Книга Карт-бланш императрицы - Анастасия Монастырская
Шрифт:
Интервал:
Закладка:
В летней резиденции стало почти пусто. Почти — верное слово и абсолютно правильное отражение действительности. Не нужно было прятаться и скрываться, опасаясь случайного взгляда или худого слова. Второй раз в жизни великая княгиня Екатерина Алексеевна была полностью предоставлена самой себе. Как это хорошо, ни перед кем не отчитываться!

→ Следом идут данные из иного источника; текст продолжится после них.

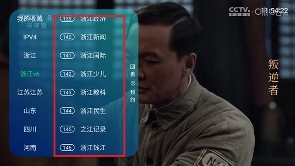 2、点击屏幕左侧弹出电视频道栏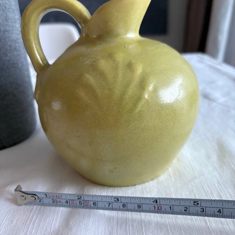 Keramiikka kannut ja maljakot. Kuvissa useita erimuotoisia ja -värisiä esineitä: sinisävyinen koristeellinen maljakko, punainen pyöreä kannu, vaaleanruskea korkea kannu sivukahvalla sekä matala valkoinen kaadin kukkakoristein. Yhdessä kannussa näkyy halkeama kahvan juurella ja pohjassa on leima tai signeeraus. Sopivat esimerkiksi sisustusesineiksi tai keräilyyn. Myydään yhdessä eränä kuvien mukaisessa kunnossa.

В любви Никита Панин оказался искусен и неутомим. Странное дело, в его руках Екатерина чувствовала себя одновременно и слабой женщиной, и владычицей. Он тонко чувствовал эту грань, и пока что ни разу не позволил себе ее перейти. За что великая княгиня платила ему сторицей — жаркими ласками и нежностью. Но в глубине души чувствовала, что однажды любовный Рубикон будет перейден. Ни один мужчина не потерпит неравенства в своем положении. Тем более от женщины, пусть и такой, как она. Когда любовников разделяет столько препятствий, то загодя нужно ждать расставания. Сначала телесного, потом душевного, а если не повезет — то и того, и другого. Сразу и навсегда.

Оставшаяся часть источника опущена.